*RECORDS SUPPLIED*

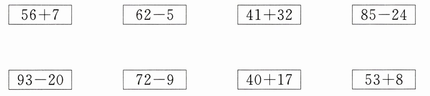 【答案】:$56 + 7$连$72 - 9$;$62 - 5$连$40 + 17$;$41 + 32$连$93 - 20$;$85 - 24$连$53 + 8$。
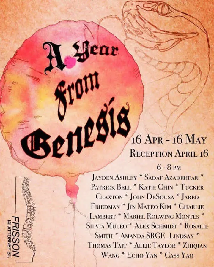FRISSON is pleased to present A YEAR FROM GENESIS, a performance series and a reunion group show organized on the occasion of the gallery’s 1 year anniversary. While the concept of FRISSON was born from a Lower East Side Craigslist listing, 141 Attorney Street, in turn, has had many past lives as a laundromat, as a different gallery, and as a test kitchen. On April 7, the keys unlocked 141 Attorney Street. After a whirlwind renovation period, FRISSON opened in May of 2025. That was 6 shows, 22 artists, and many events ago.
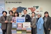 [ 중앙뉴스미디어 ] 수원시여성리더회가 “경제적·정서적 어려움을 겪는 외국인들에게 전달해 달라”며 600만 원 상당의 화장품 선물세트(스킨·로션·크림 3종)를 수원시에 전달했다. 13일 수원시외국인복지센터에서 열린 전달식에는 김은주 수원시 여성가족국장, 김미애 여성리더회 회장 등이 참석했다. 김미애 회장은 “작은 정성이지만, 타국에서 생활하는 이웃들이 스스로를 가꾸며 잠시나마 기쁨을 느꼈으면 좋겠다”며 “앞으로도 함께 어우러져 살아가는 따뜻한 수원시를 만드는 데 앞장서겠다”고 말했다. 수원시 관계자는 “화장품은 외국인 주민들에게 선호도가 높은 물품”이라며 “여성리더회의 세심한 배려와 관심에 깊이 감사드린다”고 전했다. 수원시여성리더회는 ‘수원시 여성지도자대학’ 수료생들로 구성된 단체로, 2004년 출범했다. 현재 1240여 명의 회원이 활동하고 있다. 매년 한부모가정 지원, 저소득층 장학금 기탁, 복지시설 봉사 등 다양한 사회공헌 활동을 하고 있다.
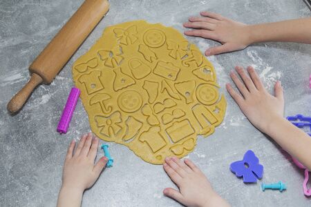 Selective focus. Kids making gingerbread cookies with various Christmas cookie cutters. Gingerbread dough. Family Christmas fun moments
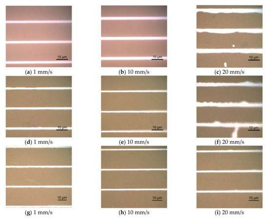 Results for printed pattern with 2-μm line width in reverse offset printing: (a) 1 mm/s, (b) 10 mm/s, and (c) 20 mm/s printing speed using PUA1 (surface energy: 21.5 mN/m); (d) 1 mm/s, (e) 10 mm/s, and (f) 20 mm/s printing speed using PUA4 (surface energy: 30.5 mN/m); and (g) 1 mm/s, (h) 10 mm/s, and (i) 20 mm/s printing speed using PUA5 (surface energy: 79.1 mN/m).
--
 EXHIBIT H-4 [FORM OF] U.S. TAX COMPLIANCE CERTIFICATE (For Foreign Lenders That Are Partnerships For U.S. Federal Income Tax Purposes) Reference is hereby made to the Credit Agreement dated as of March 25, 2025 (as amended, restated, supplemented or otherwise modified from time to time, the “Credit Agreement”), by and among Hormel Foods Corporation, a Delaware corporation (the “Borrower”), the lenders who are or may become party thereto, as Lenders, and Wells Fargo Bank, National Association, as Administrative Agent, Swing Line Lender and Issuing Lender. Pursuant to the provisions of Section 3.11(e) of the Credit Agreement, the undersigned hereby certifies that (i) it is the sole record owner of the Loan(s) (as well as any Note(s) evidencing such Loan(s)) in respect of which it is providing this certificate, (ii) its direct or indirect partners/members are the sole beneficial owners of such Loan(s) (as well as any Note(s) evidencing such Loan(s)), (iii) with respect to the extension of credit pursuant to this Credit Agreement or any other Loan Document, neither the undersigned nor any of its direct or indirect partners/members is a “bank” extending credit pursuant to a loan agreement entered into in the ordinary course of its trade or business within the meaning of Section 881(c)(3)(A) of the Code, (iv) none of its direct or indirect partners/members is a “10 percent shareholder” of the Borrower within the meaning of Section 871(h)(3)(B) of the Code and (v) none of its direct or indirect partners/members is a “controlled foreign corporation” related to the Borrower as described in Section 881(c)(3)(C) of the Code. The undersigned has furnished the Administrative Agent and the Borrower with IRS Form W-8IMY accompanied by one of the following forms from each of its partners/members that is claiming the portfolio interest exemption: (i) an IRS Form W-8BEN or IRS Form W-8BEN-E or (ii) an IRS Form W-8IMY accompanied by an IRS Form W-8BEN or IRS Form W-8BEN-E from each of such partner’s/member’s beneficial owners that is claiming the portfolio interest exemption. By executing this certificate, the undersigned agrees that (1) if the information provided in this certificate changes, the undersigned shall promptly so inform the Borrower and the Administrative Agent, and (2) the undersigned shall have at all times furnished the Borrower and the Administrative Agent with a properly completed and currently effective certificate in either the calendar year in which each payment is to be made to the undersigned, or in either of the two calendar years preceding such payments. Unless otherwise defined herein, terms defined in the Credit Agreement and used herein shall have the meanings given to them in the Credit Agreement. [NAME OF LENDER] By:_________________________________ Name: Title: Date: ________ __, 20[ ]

*WORK REQUEST*
The lines above starting at the one that holds "[ 중앙뉴스미디어 ]" and ending at the one that holds "Results for printed" are to be written out exactly, ends included, and no pictures are to be copied.

*EXERCISE RESPONSE*
 [ 중앙뉴스미디어 ] 수원시여성리더회가 “경제적·정서적 어려움을 겪는 외국인들에게 전달해 달라”며 600만 원 상당의 화장품 선물세트(스킨·로션·크림 3종)를 수원시에 전달했다. 13일 수원시외국인복지센터에서 열린 전달식에는 김은주 수원시 여성가족국장, 김미애 여성리더회 회장 등이 참석했다. 김미애 회장은 “작은 정성이지만, 타국에서 생활하는 이웃들이 스스로를 가꾸며 잠시나마 기쁨을 느꼈으면 좋겠다”며 “앞으로도 함께 어우러져 살아가는 따뜻한 수원시를 만드는 데 앞장서겠다”고 말했다. 수원시 관계자는 “화장품은 외국인 주민들에게 선호도가 높은 물품”이라며 “여성리더회의 세심한 배려와 관심에 깊이 감사드린다”고 전했다. 수원시여성리더회는 ‘수원시 여성지도자대학’ 수료생들로 구성된 단체로, 2004년 출범했다. 현재 1240여 명의 회원이 활동하고 있다. 매년 한부모가정 지원, 저소득층 장학금 기탁, 복지시설 봉사 등 다양한 사회공헌 활동을 하고 있다.
 Selective focus. Kids making gingerbread cookies with various Christmas cookie cutters. Gingerbread dough. Family Christmas fun moments
 Results for printed pattern with 2-μm line width in reverse offset printing: (a) 1 mm/s, (b) 10 mm/s, and (c) 20 mm/s printing speed using PUA1 (surface energy: 21.5 mN/m); (d) 1 mm/s, (e) 10 mm/s, and (f) 20 mm/s printing speed using PUA4 (surface energy: 30.5 mN/m); and (g) 1 mm/s, (h) 10 mm/s, and (i) 20 mm/s printing speed using PUA5 (surface energy: 79.1 mN/m).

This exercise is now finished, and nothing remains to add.